We need the memory models to admit the existence of each other, he stated. It might seem as though pure-Rust code would not need to care about the LKMM, but even that is not really true. The LKMM guarantees that if one thread stores to a variable and then wakes another thread, the second thread will see that store. Rust doesn't know that, and so the compiler could theoretically reorder the store after the call to wake another thread. So any Rust code is impacted by the things that the LKMM requires.

Andreas Hindborg asked whether there were really no situations where a kernel driver written completely in Rust could get away with not using the LKMM. Feng gave an example of how even a simple multithreaded atomic counter ends up involving the LKMM. Paul McKenney summed the problem up like this: there are plenty of existing boundaries where someone might suggest making a distinction and saying that one memory model applies on one side and one on the other side — function calls, for example — but we don't do that. Ordering has to be a global property, McKenney said, or things will get complicated for tool writers.

Benno Lossin questioned why Hindborg would want to use Rust's memory model (specifically, the atomic operations that it makes available) for isolated sections of code, if the Rust-for-Linux project is going to need versions that match the LKMM anyway. Unlike any future attempt at producing a LKMM-compatible atomics API for Rust, the existing Rust atomics are available now, Hindborg said, and he doesn't want to be slowed down. McKenney suggested a phased approach — target eventual exact compatibility, but for now, strategically placed full barriers could be sufficient, even if they have higher overhead.

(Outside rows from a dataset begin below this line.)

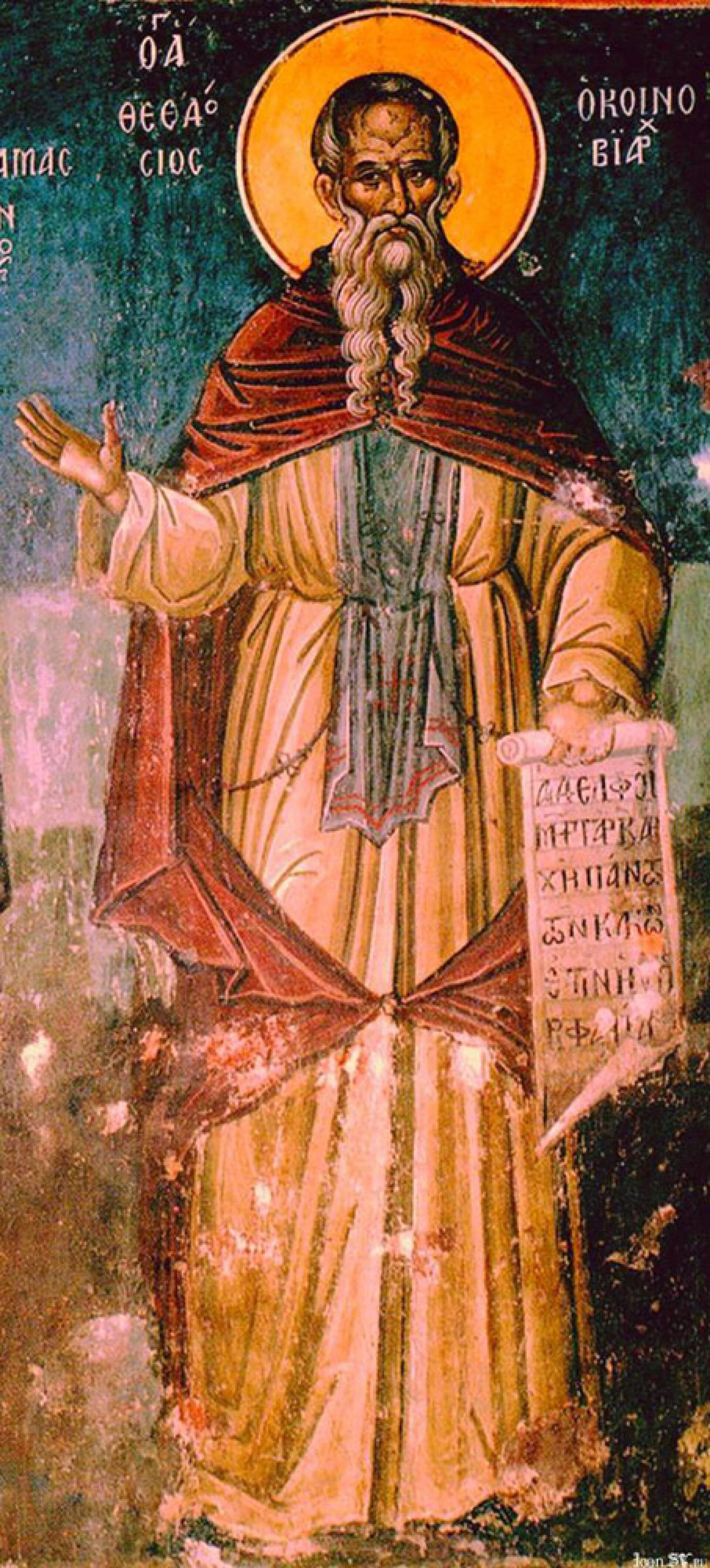 Începătorul vieții de obște, Sfântul Teodosie s-a născut în Capadocia și a primit cu mult drag cuvintele Sfintei Scripturi, citindu-le în Biserică oamenilor și dorind să le urmeze. A renunțat la oricare alte planuri și, călăuzit de Dumnezeu, a mers la Sfântul Simeon Stâlpnicul, în Antiohia, pentru a lua binecuvântare. Acolo Sfântul Simeon, înainte-văzător, i-a prorocit că va ajunge să îndrume multe persoane, luptând contra diavolului. Apoi, Sfântul Teodosie a mers în cetatea Ierusalimului și a devenit ucenic al părintelui Longhin, cunoscut la acea vreme ca fiind printre cei mai iscusiți stareți. Dar pentru că roadele sale bune au ajuns la urechile oamenilor și nu mai avea pace, Sfântul Teodosie a plecat în munți și s-a sălășluit într-o peșteră. S-a dovedit apoi că mutarea lui a fost făcută după voia dumnezeiască, pentru că în acel loc s-a construit binecunoscuta lavră unde Domnul a adunat cete duhovnicești.
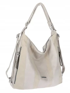 TOREBKA DAMSKA 3w1 – WOREK / LISTONOSZKA / PLECAK Najnowsza kolekcja włoskiej marki SILVIAROSA – styl, funkcjonalność i ponadczasowa elegancja Szukasz torebki, która dopasuje się do Twojego stylu życia? Ten model 3 w 1 to absolutny hit Może być klasycznym workiem, wygodną listonoszką lub eleganckim plecakiem. Jedna torebka – wiele możliwości. DESIGN, KTÓRY ZACHWYCA Torebka wykonana z wysokiej jakości skóry ekologicznej w dwóch fakturach: ✔ gładkiej ✔ delikatnie groszkowanej Na przodzie efektowne zszywane pasy – naprzemiennie skóra gładka i groszkowana – tworzą unikalny, luksusowy wygląd. Całość dopełnia logo marki na froncie oraz suwaki z ozdobnymi troczkami z logo.
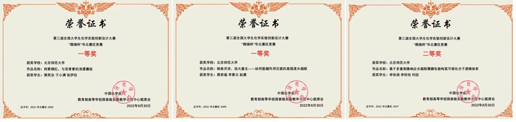 近年来,化学学院本科生屡次在全国化学实验竞赛/科技活动中取得优异的成绩,表明化学学高度重视大学生的创新意识、创新精神和实践能力培养,积极开展本科实验教学改革取得初步成效。值此北京师范大学建校120周年和北京师范大学化学学科成立110周年之际,化学学院师生以此佳绩献礼,热烈祝贺他们!
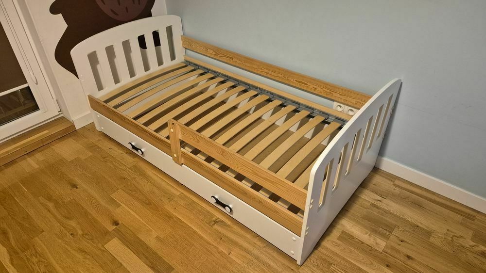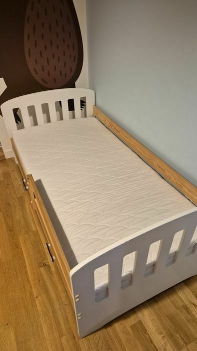 Sprzedam tanio fajne mebelki dziecięce. Łóżko koloru jasnego o wym. 160x80 cm. Dodatkowo dołączam materac piankowo- lateksowy wys. 10 cm - gratis.Stan bardzo dobry. Cena 190 zł.
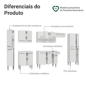 A linha Emilly se destaca pelo acabamento de alta resistência, puxadores em alumínio, corrediças e dobradiças metálicas, garantindo durabilidade no uso diário. Os pés reguláveis proporcionam estabilidade e facilitam a limpeza. O acabamento em Branco transforma o espaço, trazendo leveza para o seu dia a dia
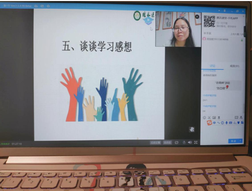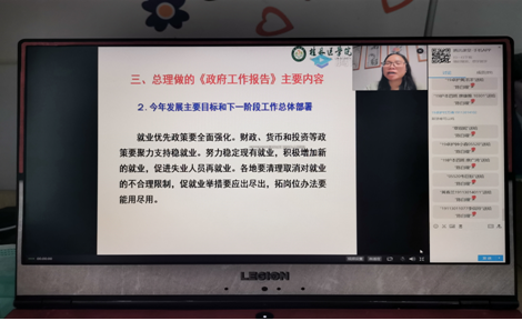 首先,陈老师通过列举下载学习强国app、关注学习大国微信公众号和人民网等途径,鼓励同学们积极关注两会进展。随后,她带领同学们学习两会的概况、李克强总理《政府工作报告》及习近平总书记对内蒙古人大代表和政协经济委员的讲话。她提到,不论世界风云如何变换,我国的经济总体运行平稳,党和政府一直重点关注民生问题,国家最高领导人一直把人民的就业,尤其是大学生的就业放在心上、摆在首位。在落实“六稳”和“六保”的前提下发展经济将是我们国家发展的主旋律。陈老师强调同学们应把关注国家大事作为一种习惯,成为同学们的基本素养。

Alice Ryhl suggested adding new types that are intended to eventually match the semantics of the LKMM, implement them with Rust atomics internally, and then later redesign them. Lossin disagreed, saying that the API design was the hard part, and that it made more sense to use Rust atomics for now, and fix it once the API did actually exist. Gary Guo suggested an entirely different approach: checking that the compiled machine code respects the LKMM, regardless of what the source languages are. If we can have LKMM atomics in Rust, we should just use them, he said.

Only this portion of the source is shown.